Ticket 1092

Summary: Requested node configuration is not available with --ntasks-per-node and --gres
Product: Slurm Reporter: Kilian Cavalotti <kilian>
Component: SchedulingAssignee: Moe Jette <jette>
Status: RESOLVED FIXED QA Contact:
Severity: 4 - Minor Issue    
Priority: --- CC: da
Version: 14.03.7   
Hardware: Linux   
OS: Linux   
Site: Stanford Slinky Site: ---
Alineos Sites: --- Atos/Eviden Sites: ---
Confidential Site: --- Coreweave sites: ---
Cray Sites: --- DS9 clusters: ---
Google sites: --- HPCnow Sites: ---
HPE Sites: --- IBM Sites: ---
NOAA SIte: --- NoveTech Sites: ---
Nvidia HWinf-CS Sites: --- OCF Sites: ---
Recursion Pharma Sites: --- SFW Sites: ---
SNIC sites: --- Tzag Elita Sites: ---
Linux Distro: --- Machine Name:
CLE Version: Version Fixed: 14.03.8, 14.11.0-pre5
Target Release: --- DevPrio: ---
Emory-Cloud Sites: ---
Attachments: make gres.conf CPUs advisory

Description Kilian Cavalotti 2014-09-09 07:11:41 MDT
Hi,

I have a weird issue when submitting jobs with --gres and --ntasks-per-node, but I'm not sur eif that's a configuration issue or something I'm missing.

I have GPU nodes, with the following configuration:

$ scontrol show partition gpu
PartitionName=gpu
   AllowGroups=ALL AllowAccounts=ALL AllowQos=gpu,system
   AllocNodes=ALL Default=NO
   DefaultTime=02:00:00 DisableRootJobs=NO GraceTime=0 Hidden=NO
   MaxNodes=UNLIMITED MaxTime=2-00:00:00 MinNodes=1 LLN=NO MaxCPUsPerNode=UNLIMITED
   Nodes=gpu-9-[1-5]
   Priority=1 RootOnly=NO ReqResv=NO Shared=NO PreemptMode=REQUEUE
   State=UP TotalCPUs=80 TotalNodes=5 SelectTypeParameters=N/A
   DefMemPerCPU=16000 MaxMemPerCPU=16384

$ scontrol show node gpu-9-1
NodeName=gpu-9-1 Arch=x86_64 CoresPerSocket=8
   CPUAlloc=0 CPUErr=0 CPUTot=16 CPULoad=N/A Features=k20x
   Gres=gpu:8
   NodeAddr=gpu-9-1 NodeHostName=gpu-9-1 Version=(null)
   OS=Linux RealMemory=258000 AllocMem=0 Sockets=2 Boards=1
   State=IDLE ThreadsPerCore=1 TmpDisk=0 Weight=1000
   BootTime=2014-09-02T09:18:29 SlurmdStartTime=2014-09-02T13:50:02
   CurrentWatts=0 LowestJoules=0 ConsumedJoules=0
   ExtSensorsJoules=n/s ExtSensorsWatts=0 ExtSensorsTemp=n/s


Their gres.conf file is as follows:

Name=gpu File=/dev/nvidia[0-3] CPUs=[0-7]
Name=gpu File=/dev/nvidia[4-7] CPUs=[8-15]

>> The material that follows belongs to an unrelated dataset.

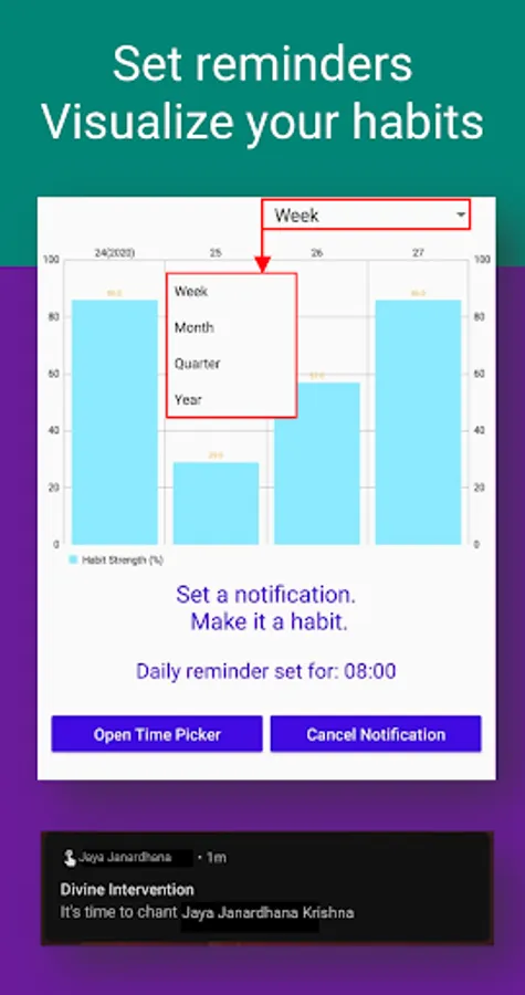 🚀 You can set reminders and monitor your daily chanting habits too. The habit chart motivates you to not break the chain and help you chant the shlokas without fail.

So they have 16 CPU-cores and 8 GPUs each. Yet I can't seem to be able to run more that 8 tasks per node when requesting gres. Without gres, I can request up to 16 tasks, which is normal.

$ salloc --ntasks-per-node=16 -p gpu --qos=gpu
salloc: Granted job allocation 322052
$ exit
salloc: Relinquishing job allocation 322052

$ salloc --ntasks-per-node=9 --gres=gpu:1 -p gpu --qos=gpu
salloc: error: Job submit/allocate failed: Requested node configuration is not available
salloc: Job allocation 322053 has been revoked.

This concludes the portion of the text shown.